§ EXERCISE OBJECTIVE
Although the records contain pictures, none belong in the copy: restate word for word only the lines from the one with "美国是适用普通法的国家,法院" through the one with "СОВРЕМЕННЫЕ СИСТЕМЫ, строительно-монтажная", both included.

§ RAW DATA
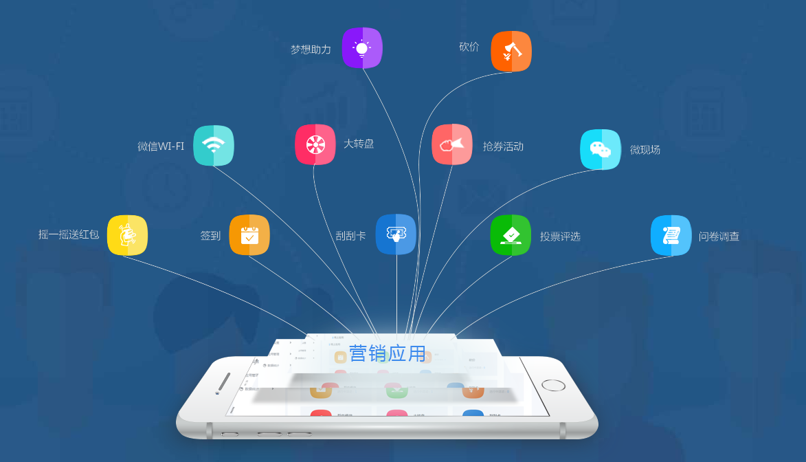 營銷應用目前包括:簽到、投票評選、砍價、大轉盤抽獎、刮刮卡抽獎、夢想助力、問卷調查、口令紅包、微現場、搖一搖送紅包共10款應用,可以適合任何規模的企業,是所有品牌和機構社會化營銷的最佳解決方案。
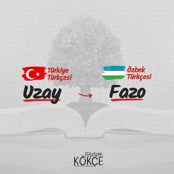 🔹 Özbek Türkçesinde uzay sözcüğünü, "fazo, koinot, kozmos" ifadeleri karşılamaktadır.
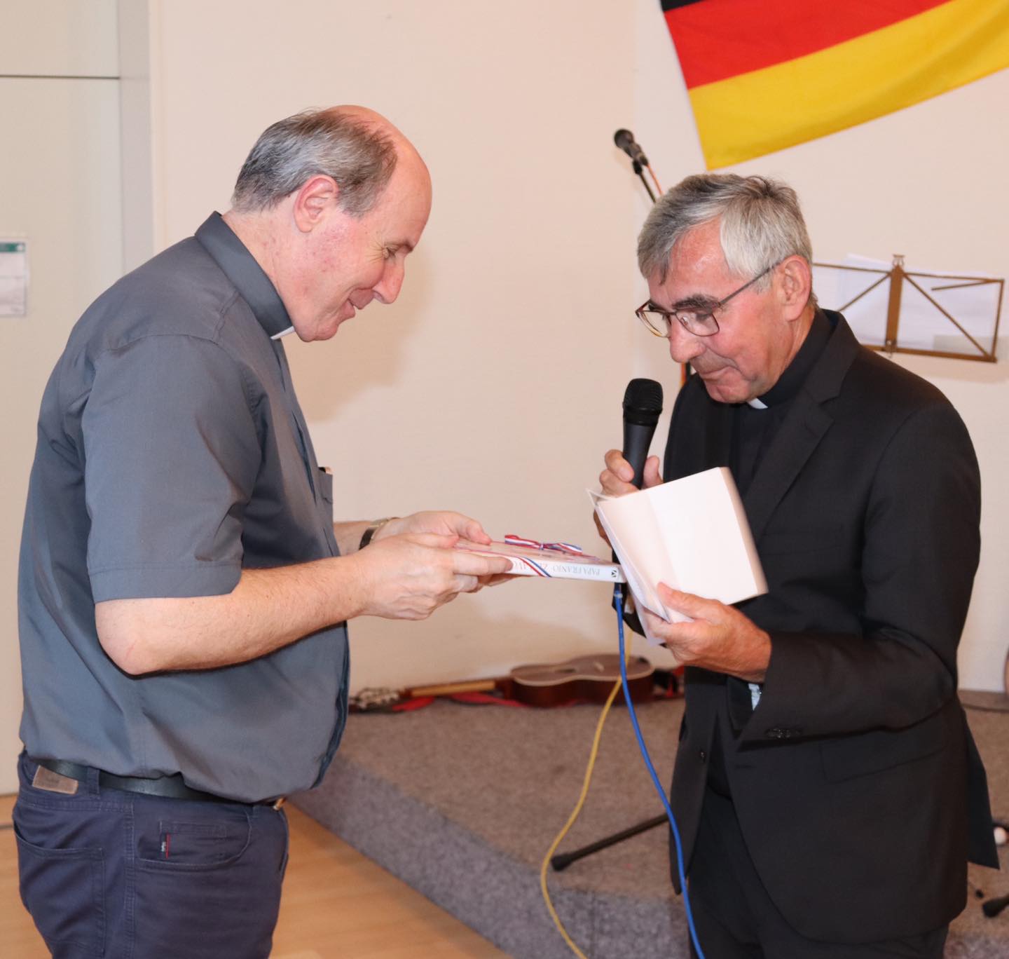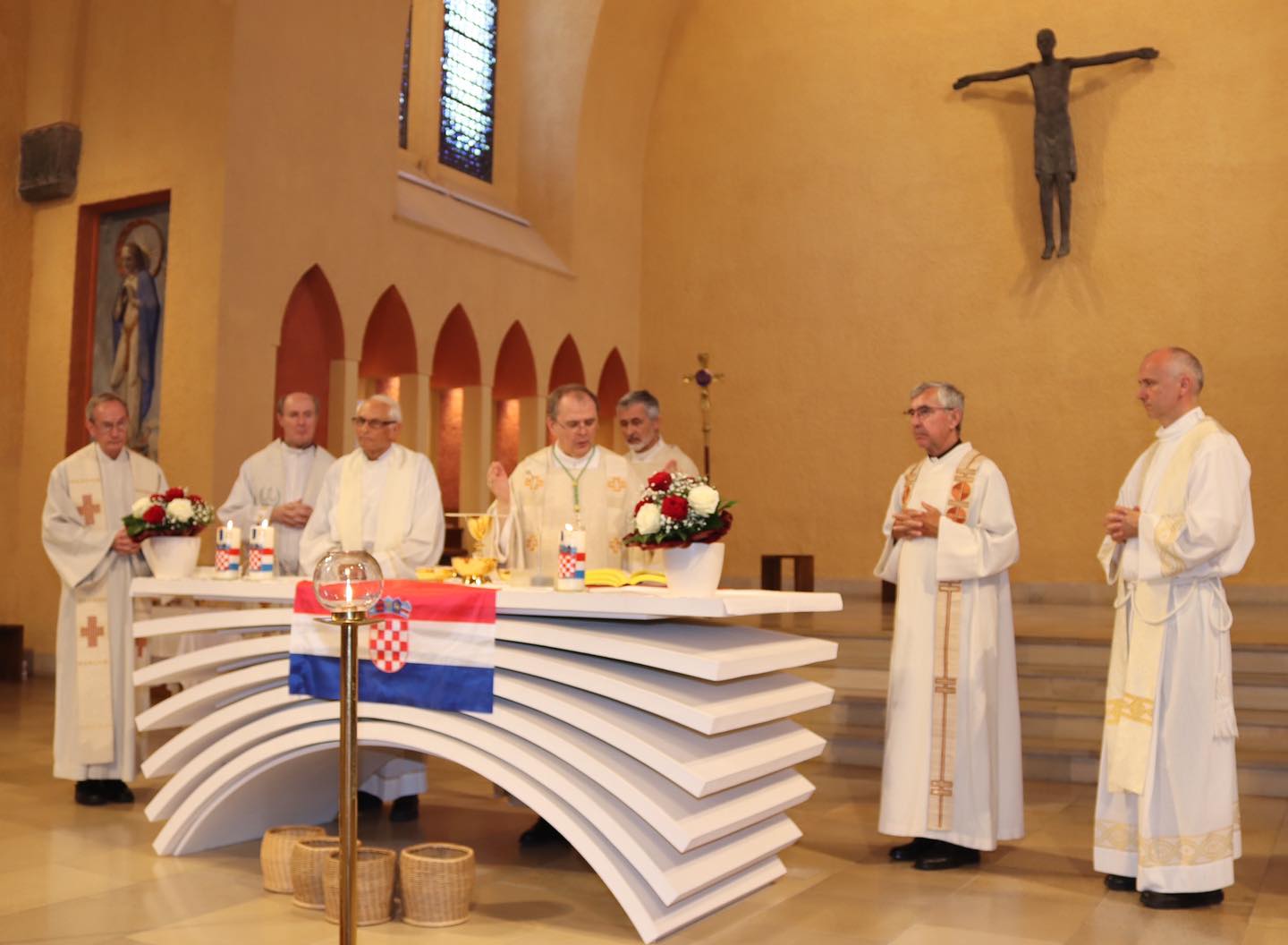 Svečano misno slavlje u tom je povodu u punoj crkvi Sv. Petra Kanizija u Friedrichshafenu predvodio varaždinski biskup mons. Bože Radoš u zajedništvu s voditeljem zajednica vlč. Ilijom Jokićem, delegatom za hrvatsku pastvu u Njemačkoj vlč. Ivicom Komadinom, vlč. dr. Josipom Bošnjakovićem, vlč. Ilijom Krištićem, o. Niklausom Marijom Hoferom te uz asistenciju trajnog đakona Ryszarda (Ricarda) Rzesnya.Misnom slavlju pribivao je i vlč. Harald Kiebler, konzul savjetnik 1. reda Generalnog konzulata Republike Hrvatske u Stuttgartu Ivan Bulaja, Natascha Garvin zadužena za pitanja integracije u Friedrichshafenu te uime sestara Službenica Kristovih iz Wigratzbada s. Anđelka Gegić.
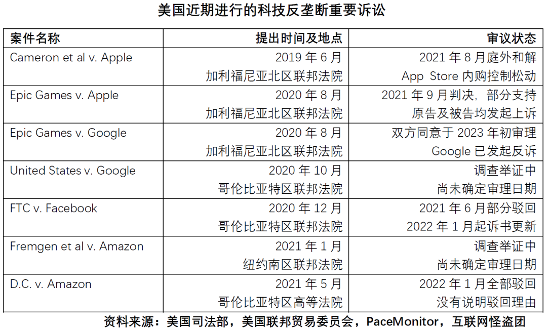 美国是适用普通法的国家,法院判决在其辖区内具备普遍的约束力(遵循先例原则),因此有“法官造法”之称。在反垄断方面,司法诉讼的影响力往往不逊于立法,而立法的实际效果还要依靠司法去实现。2019年以来,美国联邦监管者、各州以及普通当事人,对科技巨头发起了一系列的诉讼。目前看来,取得的进展并不大:
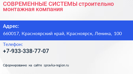 СОВРЕМЕННЫЕ СИСТЕМЫ, строительно-монтажная компания по адресу 660017, Красноярский край, Красноярск, Ленина, 100 в дальнейшем Организация, размещена в следующих категориях:
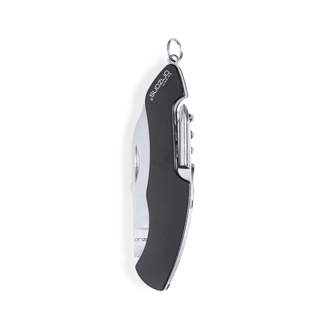 Navaja multiusos de orizons con accesorios de acero inox de 10 funciones y mango de aluminio en vivos colores. Con navaja, tijeras, abrelatas, abrebotellas con destornillador plano, destornillador de punta de estrella, punzón con lima y sacacorchos. Con anilla para llavero y presentada en atractiva caja de diseño con logotipo de la marca. Aluminio/ Acero Inox
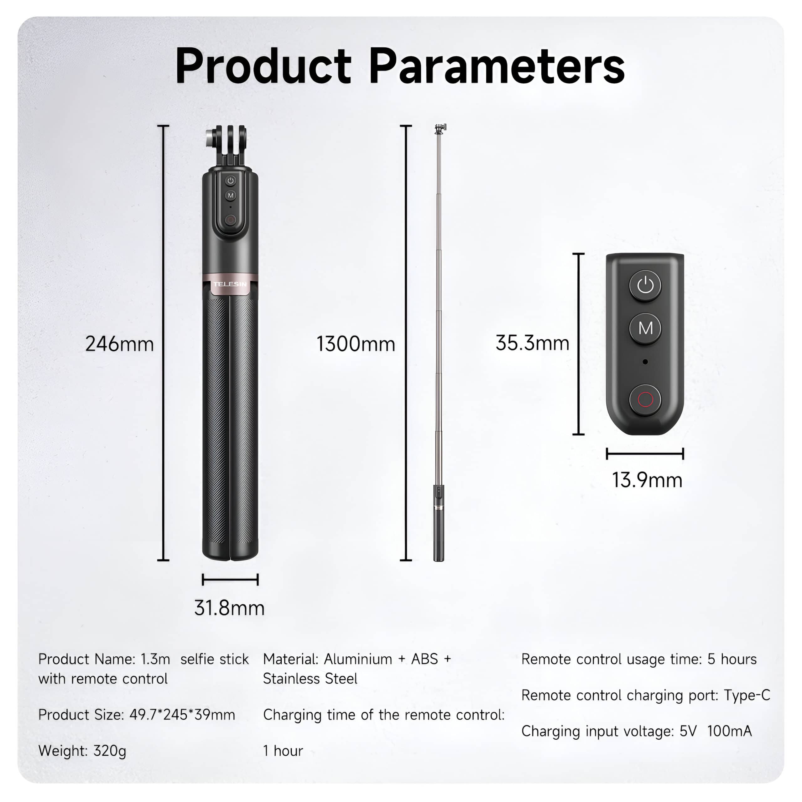 The 1.3M Extendable Selfie Stick Tripod is packed with innovative features to make shooting effortless and fun. From a sturdy aluminum build to a wireless Bluetooth remote control, every detail has been carefully crafted to offer ultimate convenience and reliability. Its adjustable design allows you to capture shots from unique perspectives, and the ability to switch between horizontal and vertical modes ensures every frame fits your creative vision.

§ OUTPUT OF THE EXERCISE
 美国是适用普通法的国家,法院判决在其辖区内具备普遍的约束力(遵循先例原则),因此有“法官造法”之称。在反垄断方面,司法诉讼的影响力往往不逊于立法,而立法的实际效果还要依靠司法去实现。2019年以来,美国联邦监管者、各州以及普通当事人,对科技巨头发起了一系列的诉讼。目前看来,取得的进展并不大:
 СОВРЕМЕННЫЕ СИСТЕМЫ, строительно-монтажная компания по адресу 660017, Красноярский край, Красноярск, Ленина, 100 в дальнейшем Организация, размещена в следующих категориях:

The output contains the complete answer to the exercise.